The culturati who would, could or should challenge it are cowed and corralled.

The transitive verb cow, meaning “‘To depress with fear’ (Johnson); to dispirit, overawe, intimidate,” may be from an Old Norse word meaning “to force or tyrannize over’.”

Sometimes cow is used as a finite verb, but more often it is used in the infinitive:

It [torture by al-Qaida] is used to intimidate the locals and to try to cow the populace in that area.

Syria and its allies may grow less subtle in their efforts to cow their opponents.

He would find it equally hard to cow the whole of the resurgent middle class.

The end of Thebes cowed Athens, leaving all of Greece temporarily at peace.

More frequently, the verb cow is used in the passive voice or as an adjective:

Outsiders need to speak up, since many locals seem increasingly cowed.

The men are cowed by the psychotic corporal, and a crooked sergeant is complicit.

Cowed and crushed, Jefferson accedes to his arranged defeat in Havana.

University students, once cowed by militias like the Mahdi Army, are feeling freer.

Sometimes cowed is followed by into:

A lot of women let themselves be cowed into giving up their dreams because of others’ expectations.

Time and again, rabbis assured that families were paid off, or cowed into silence.

Someone writing about Southeast Asia in Wikipedia follows the verb cow with an unnecessary down:

Though defeated by the Mughals he was never cowed down by their might.

Unwilling to be cowed down, Sikhs and Hindus counter-attacked and the resulting bloodshed left the province in great disorder.

A very strange use of cow occurs in this passage from a Politico article about a recent election rally:

The younger Trump marveled at the size of the crowd [and] held up the president as an outsider unwilling to cow to experts and institutions . . .

I suspect that the idiom being reached for here was not to cow, but to kow-tow.

NOTE: Both the kow and the tow in kow-tow rhyme with cow.

Presumably, modern Chinese no longer do it, but when China had an emperor, visitants to his presence were required to observe a ceremony involving the Great Kow-tow: three kneelings and nine prostrations before the throne. The OED defines it this way:

kow-tow (noun): The Chinese custom of touching the ground with the forehead in the act of prostrating oneself, as an expression of extreme respect, submission, or worship.

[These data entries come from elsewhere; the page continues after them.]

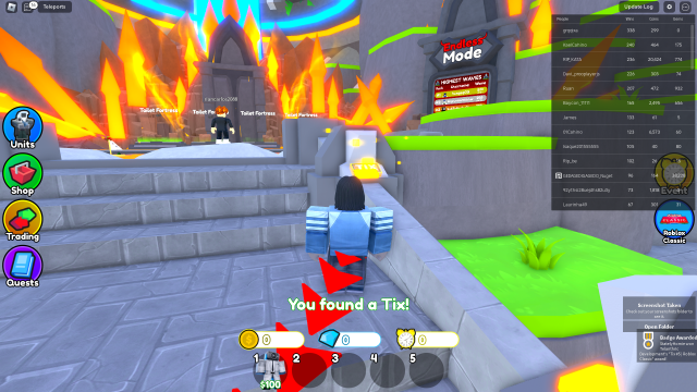 To the right of the Toilet Tower Defense Trading Plaza, you will find another Tix just underneath the leaderboard.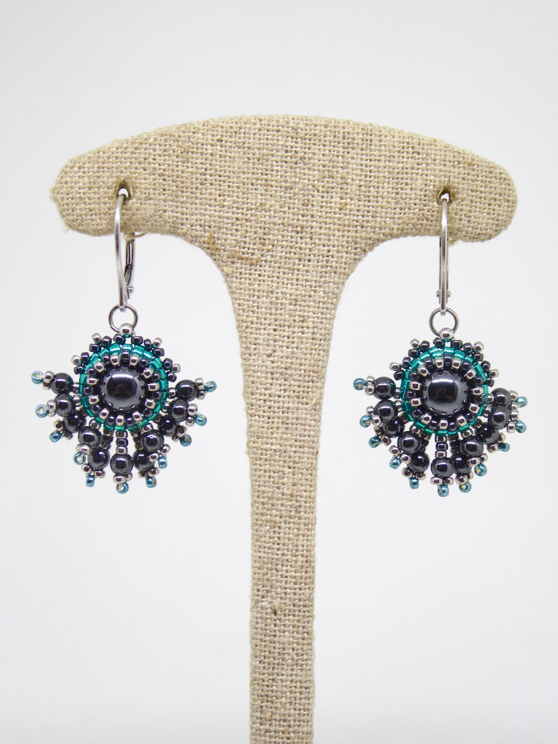 - Hématite, serties en tissage peyote avec des perles en verre Miyuki Délicas, des perles de rocaille et des perles rondes d'Hématite. Dormeuses en argent 925/1000.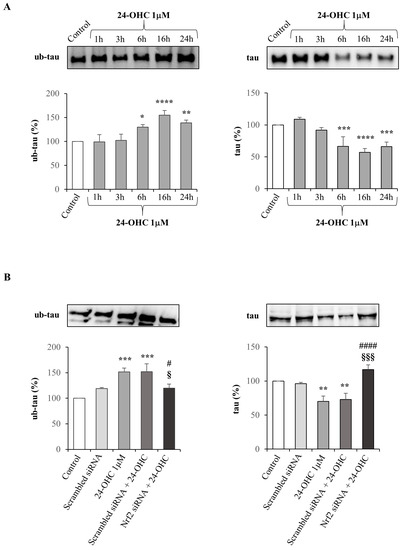 SK-N-BE cells were incubated with 1 µM 24-OHC up to 24 h and the ubiquitinated tau (ub-tau) and total tau levels were analyzed by Western blotting. The levels of ub-tau increased significantly from 6 h up to 24 h cell treatment while in parallel the levels of total tau decreased. Concerning total tau, the reduction in the protein levels was presumably due to the contemporary tau proteasomal degradation (Figure 5A).
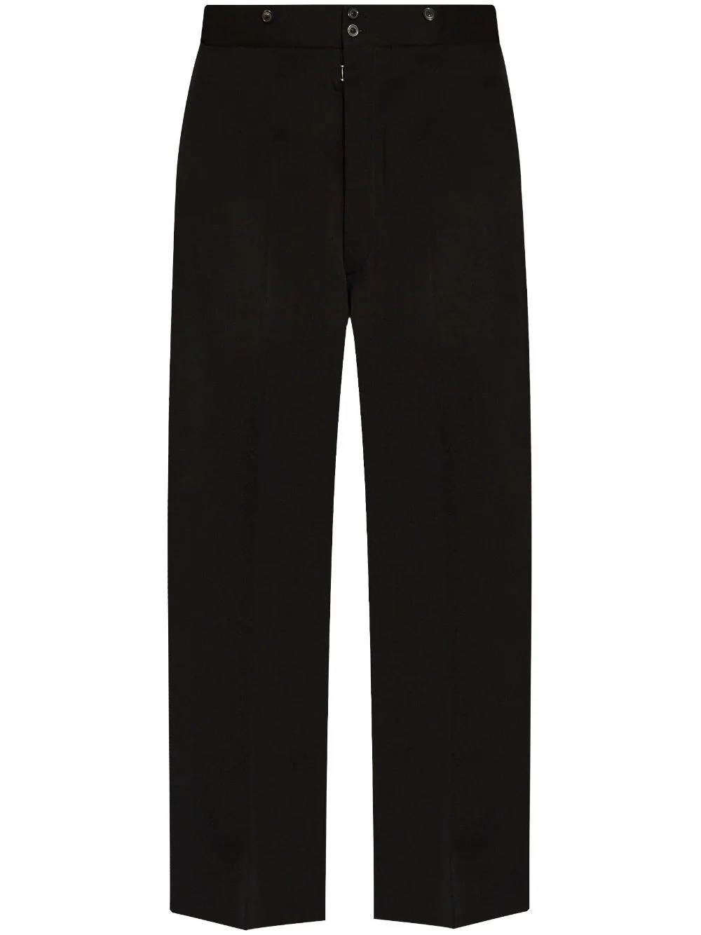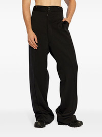 four-stitch wool trousers Highlights - Black - Wool - Tailored design - Signature four-stitch logo - Pressed crease - High-waisted - Concealed fly and button fastening - Belt loops - Wide leg - Two side slit pockets - Rear button-fastening jetted pocket Made in Italy Composition Wool 100% Washing instructions Read Manufacturer Guidelines

Figuratively, a kow-tow is “an act of obsequious respect.” As a verb, to kow-tow is “to behave in an obsequious manner.”

Here are some examples from the media:

Proffitt, in refusing to kow-tow to Murdoch, left HarperCollins.

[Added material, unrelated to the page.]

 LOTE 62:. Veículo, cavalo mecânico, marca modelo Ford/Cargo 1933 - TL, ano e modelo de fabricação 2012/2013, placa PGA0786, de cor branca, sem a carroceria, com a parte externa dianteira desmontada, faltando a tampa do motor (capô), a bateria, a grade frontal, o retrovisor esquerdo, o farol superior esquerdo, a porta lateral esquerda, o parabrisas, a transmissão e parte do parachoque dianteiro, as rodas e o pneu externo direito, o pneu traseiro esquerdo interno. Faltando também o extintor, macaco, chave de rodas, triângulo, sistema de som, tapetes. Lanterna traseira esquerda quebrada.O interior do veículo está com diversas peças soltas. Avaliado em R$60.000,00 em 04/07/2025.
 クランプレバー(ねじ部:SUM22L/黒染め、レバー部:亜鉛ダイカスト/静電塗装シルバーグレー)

He would raise no money, kow-tow to no special interests, and generally take no prisoners in an experiment in principled legislating.

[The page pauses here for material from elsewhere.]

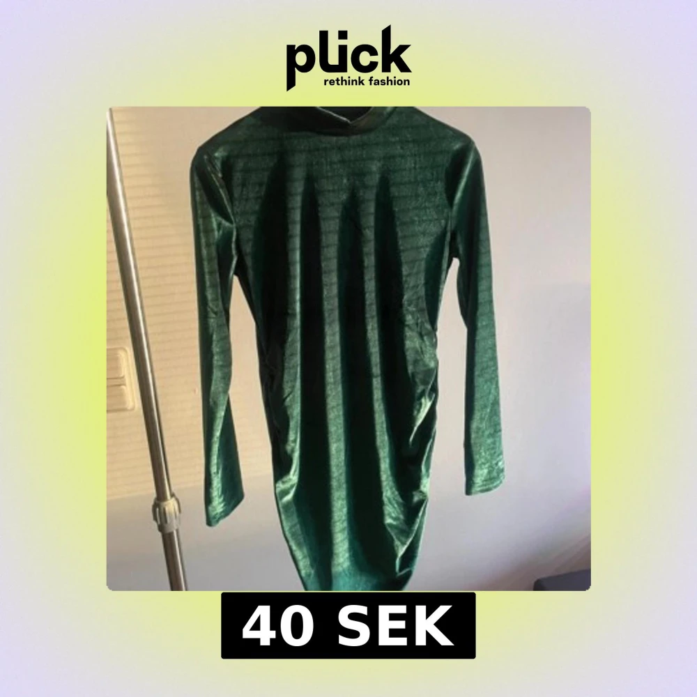Mörkgrön sammetsklänning med lång ärm och rak passform. Klänningen har en enkel design utan synliga detaljer och slutar strax ovanför knäna. Perfekt för dig som gillar en stilren look med lite lyxig känsla.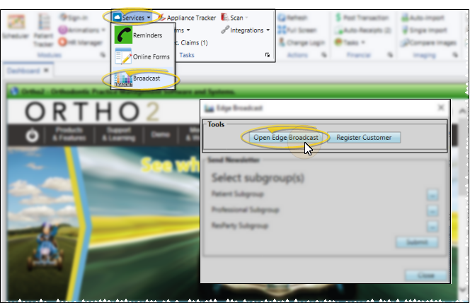 Select Services from the Tasks section of the Home ribbon bar and choose Broadcast. Then choose the Open Edge Broadcast option from the Tools section of the window. Or, navigate to https://edgebroadcast.ortho2.com. The Edge Broadcast application main window will open in your default browser.

Responsible, intelligent school administrators will put the students’ needs at the highest priority, and recognize that they don’t need to kow-tow to every crank opinion.

Expecting kow-tow to be a word unfamiliar to speakers under fifty, I was surprised to see on the Ngram Viewer that its usage tracks a steady rise from the 1880s to the present, showing a steep rise in the twenty-teens.

Bottomline: The difference between to cow and to kow-tow comes down to the difference between to intimidate and to grovel.